А вдруг? Предположим… Она почти припустилась бегом. Должно быть, что-то случилось! Люди просто так телеграмм не посылают. Вдруг тетя Таня убежала из тюрьмы, тогда обязательно послала бы телеграмму — нет ничего быстрее!
Анна ворвалась в магазин с криком:
— Папа, телеграмма!
Папа спокойно подошел и взял из ее рук желтый листок бумаги. Анна уже открыла рот сказать: "Там, наверно, новости…" Нет, подожду, пусть папа сам прочтет.

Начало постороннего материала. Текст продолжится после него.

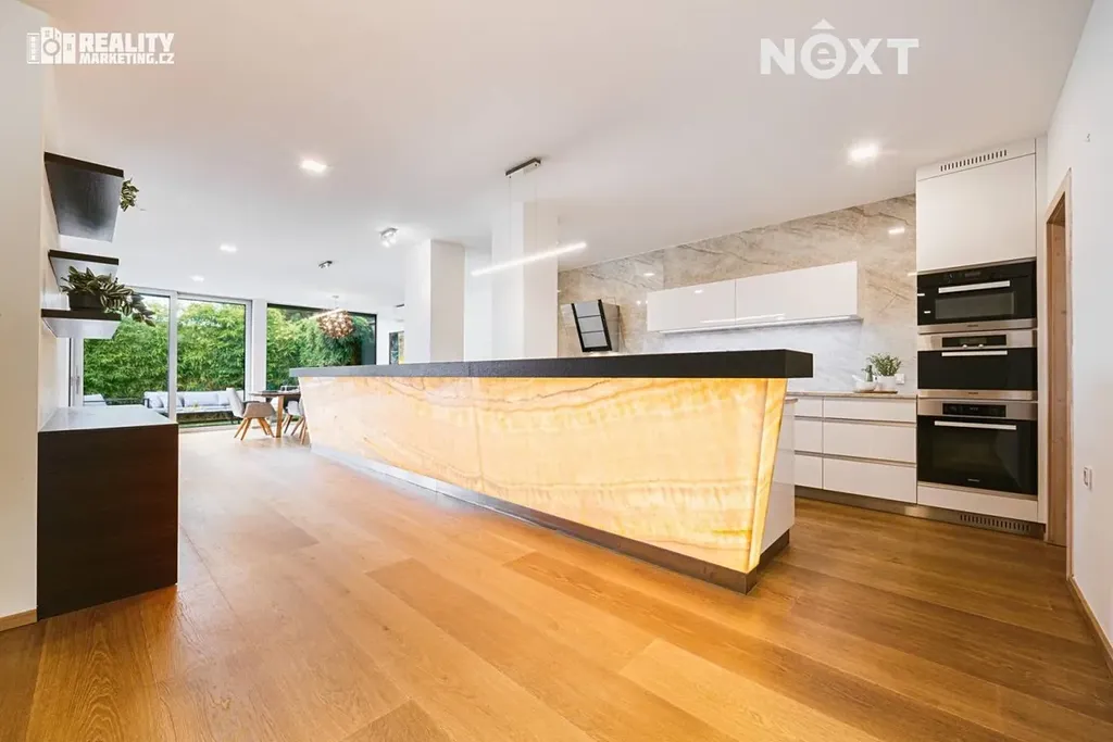 Luxusní kuchyně s mramorem Taj Mahal, podsvíceným onyxem (stejný materiál jako ve vile Tugendhat), žulovým barem, spotřebiči Miele a designovým osvětlením.
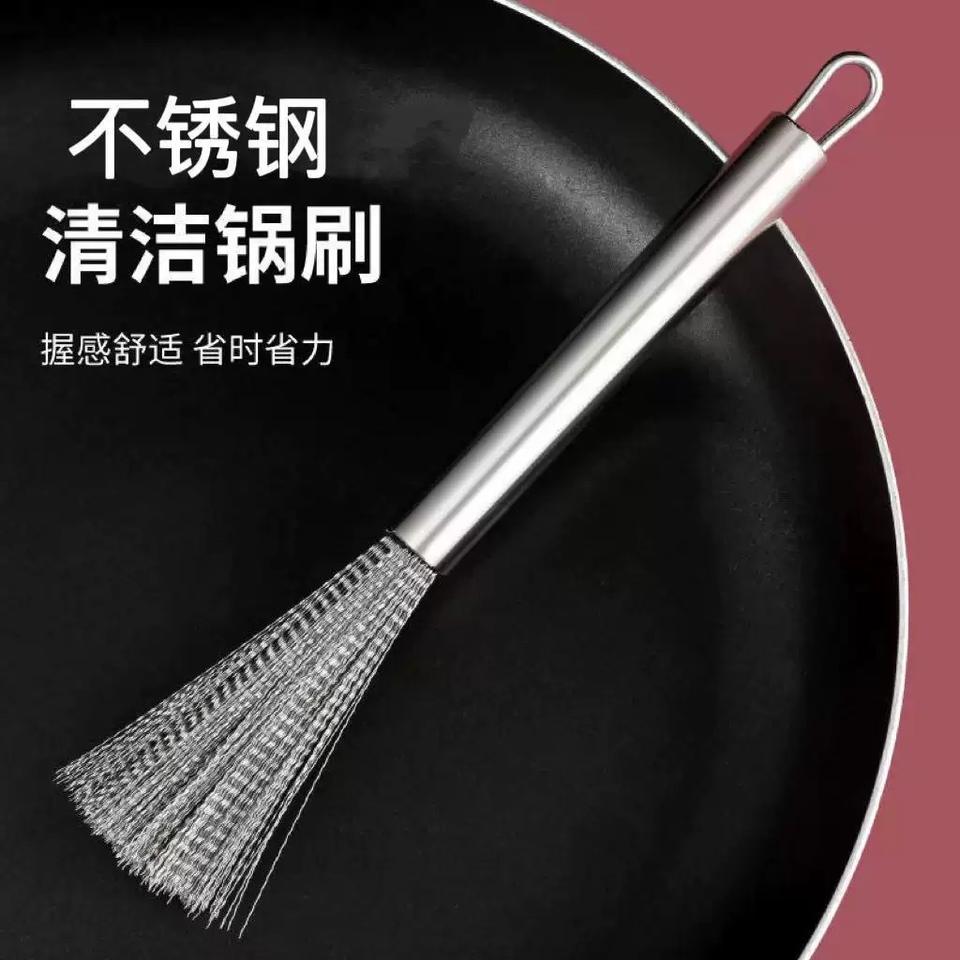 แปรงทำความสะอาดหม้อด้ามยาวสแตนเลส ป้องกันรอยขีดข่วน สำหรับทำความสะอาดภาชนะครัวและป้องกันพื้นผิว
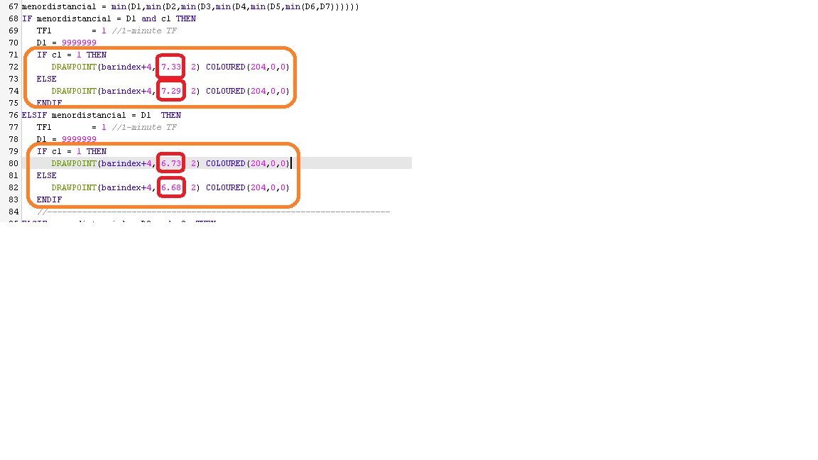 Luego hay que modificar todas las lineas donde hay DRAWPOINT, como hice yo (ver foto Pic2). Deberá experimentar para encontrar los valores correctos por encima o por debajo del PRECIO.
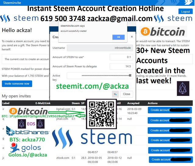 I am currently delegating over 348 Steempower just to help on board new steem users who have been waiting for days, weeks and even months in many cases with no response from steemit, so I am effectively doing the job of Steemit Inc for them and I am grateful for this opportunity and wish them luck on Hardfork20 Communities and SMTs. Steemit Inc is doing SO much work for us that we SHOULD pick up the slack when we can, and if I am able to earn post rewards on steemit posts like this one ABOUT my Account Creation Service, then I can cover the fees of signing up as many people as I can find on Reddit or other social media!. They are eventually going to have accounts approved automatically one day this year so until then I will continue to spend my money to help create instant accounts for new users. Most of them are coming from reddit where they see my reddit Post where I gave out a Steem Account Creation Hotline (A google Hangouts number I created for dealing with crypto people with questions about Stem or Bitcoin). Serious potential Steem users can Apply for a Free Steem Account by texting me their story of waiting or wanting a steem account, and an email to send the instant invite link to. I use the https://steeminvite.com tool by the wonderful Steem Developer @pharesim so Please show your support for him if you like my post. Https://steemit.com/steeminvite/@pharesim/steeminvite-is-back
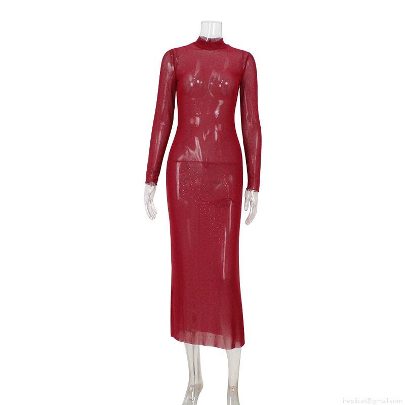 Sexy Mesh See-Through Rhinestone Maxi Dress Women Elegant Mock Neck Long Sleeve Bodycon Clubwear Party Evening Long Cover-Up Dress
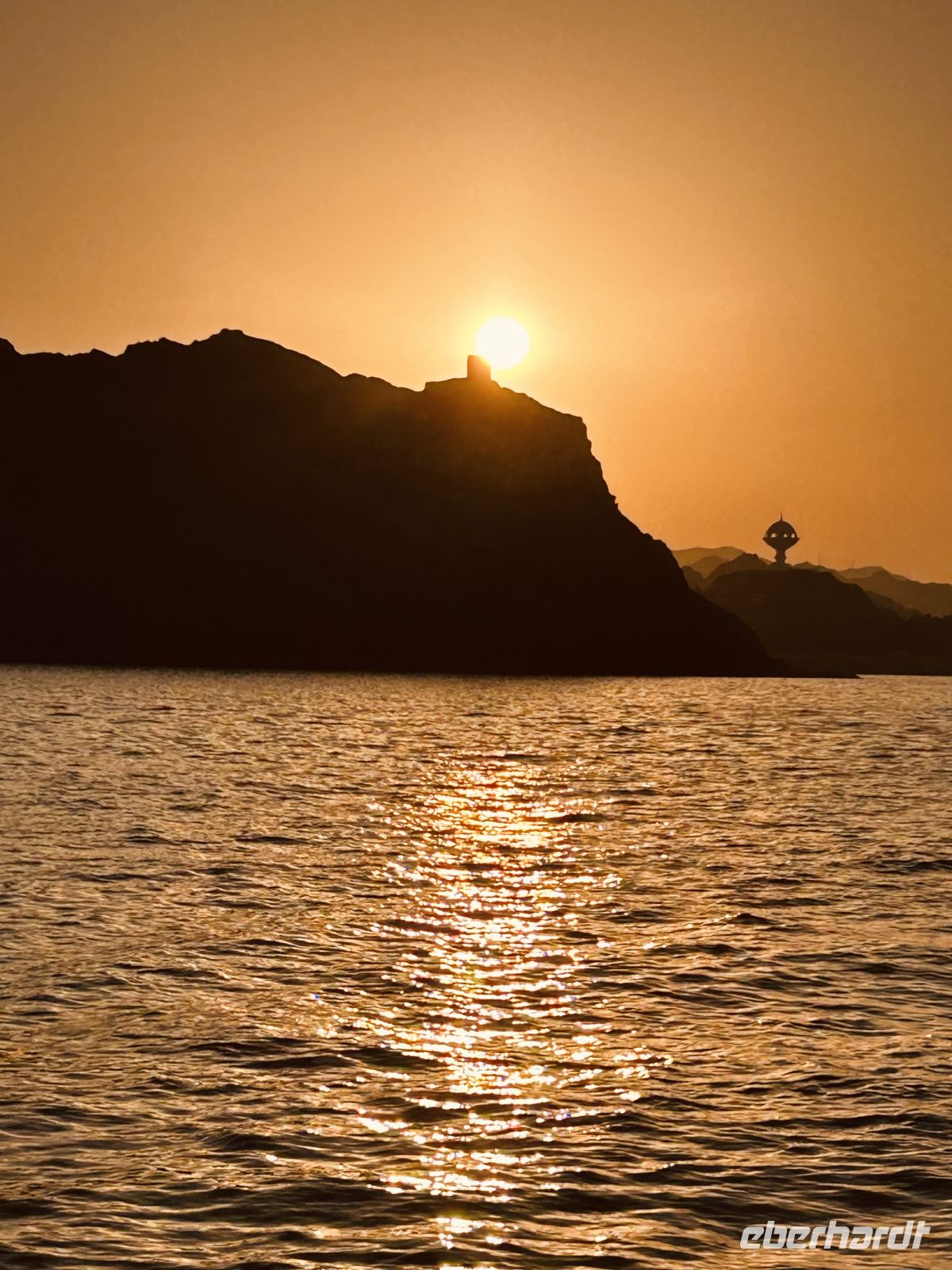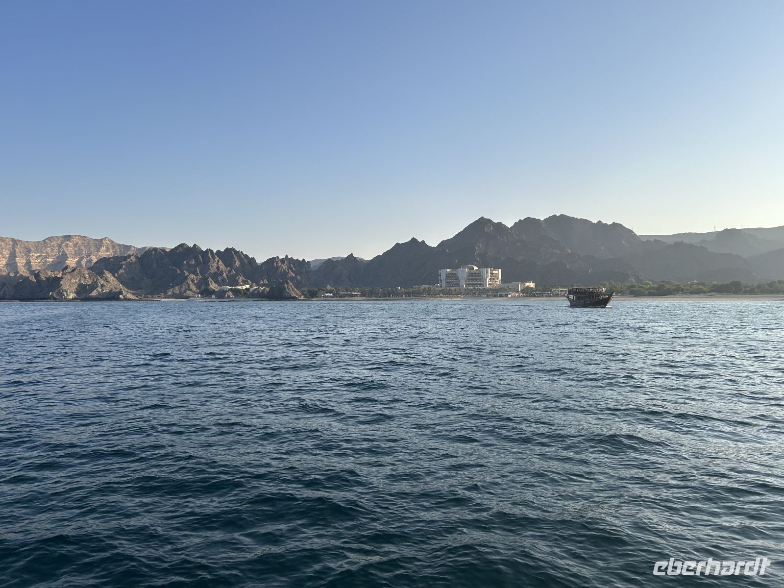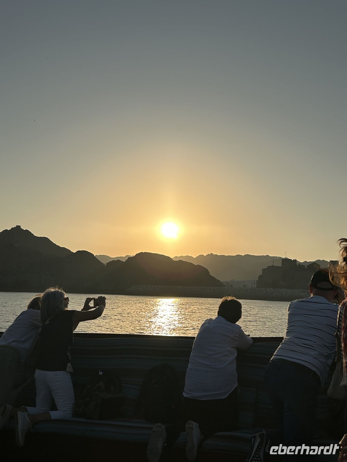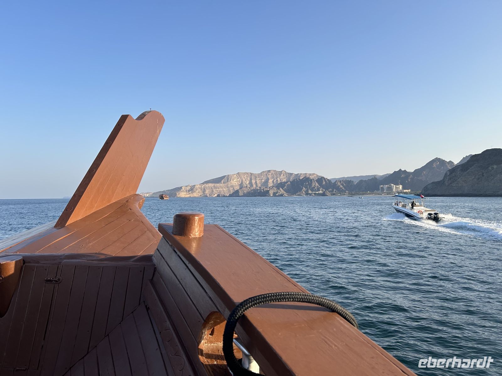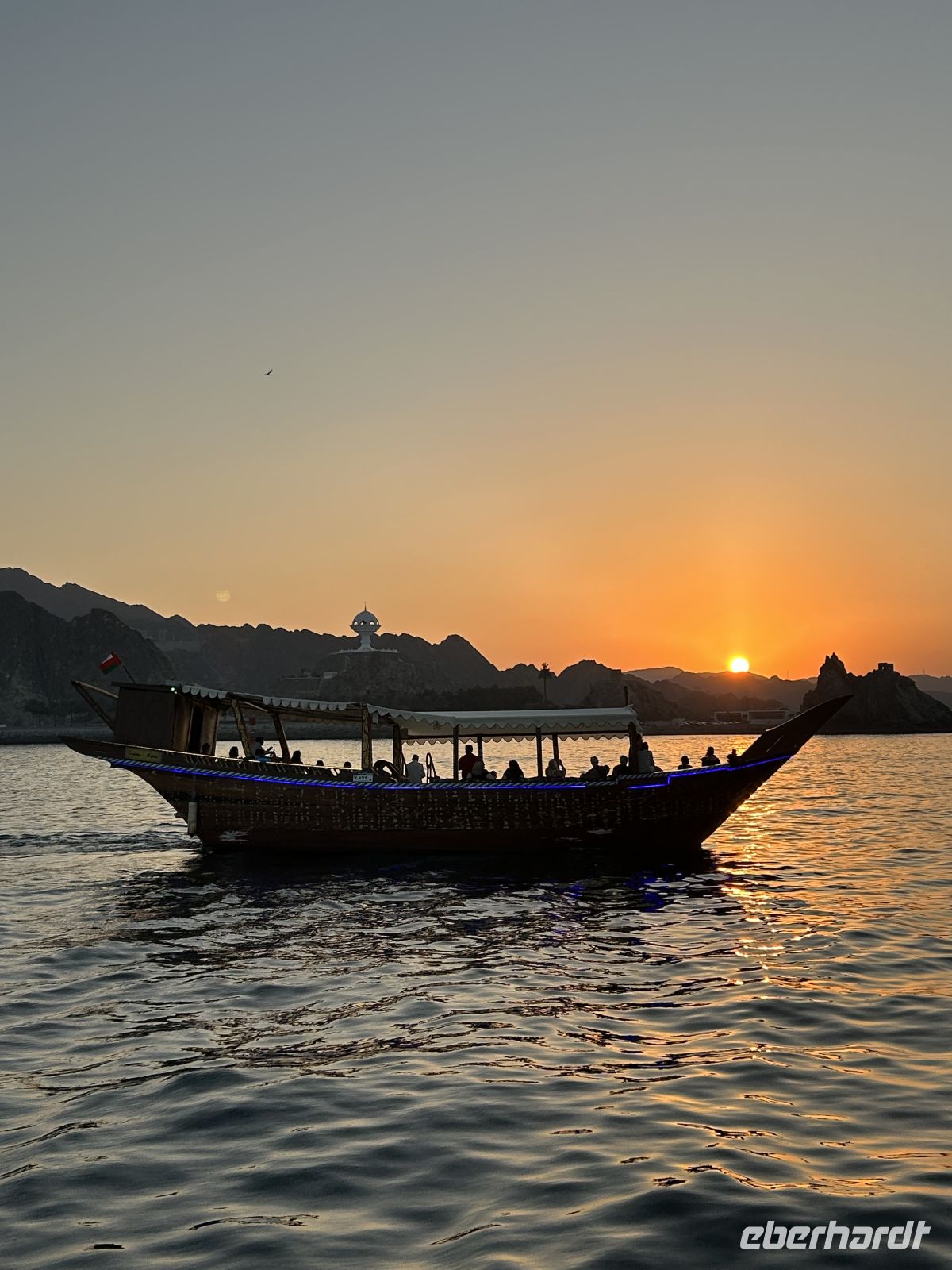Am späten Nachmittag erreichen wir die Marina. Eine traditionelle Dhau wartet bereits auf uns, und als wir ablegen, glitzert das Meer wie flüssiges Silber. Während wir entlang der dramatischen Felsenküste Muscats fahren, sinkt die Sonne langsam hinter den Bergen und taucht alles in ein warmes, goldenes Licht. Es ist einer jener Momente, in denen die Reise plötzlich ganz real wird und man denkt: Ja, genau deshalb bin ich hier.

Молчанье длилось бесконечно.
Папа смял листок бумаги, положил в карман. Повернулся к жене и, не обращая внимания ни на Анну, ни на покупателей, произнес:
— Это Руди, несчастный случай. Он в госпитале в Галифаксе.
— Что случилось? — мама почти кричала, негромко, но с такой болью в голосе. — Что произошло?
— Клара… — начал папа, снял очки, протер их, снова надел. — Клара, — повторил он, будто забыл все другие слова.
— Эрнст, скажи мне!
Анна никогда не слышала, чтобы мамин голос резал воздух словно хлыст. Папа мотнул головой, взглянул на жену, стоящую за прилавком. И ответил ясным и четким, но тоже совсем незнакомым голосом — он врезался в память девочки на всю жизнь:
— Они пишут, он ослеп.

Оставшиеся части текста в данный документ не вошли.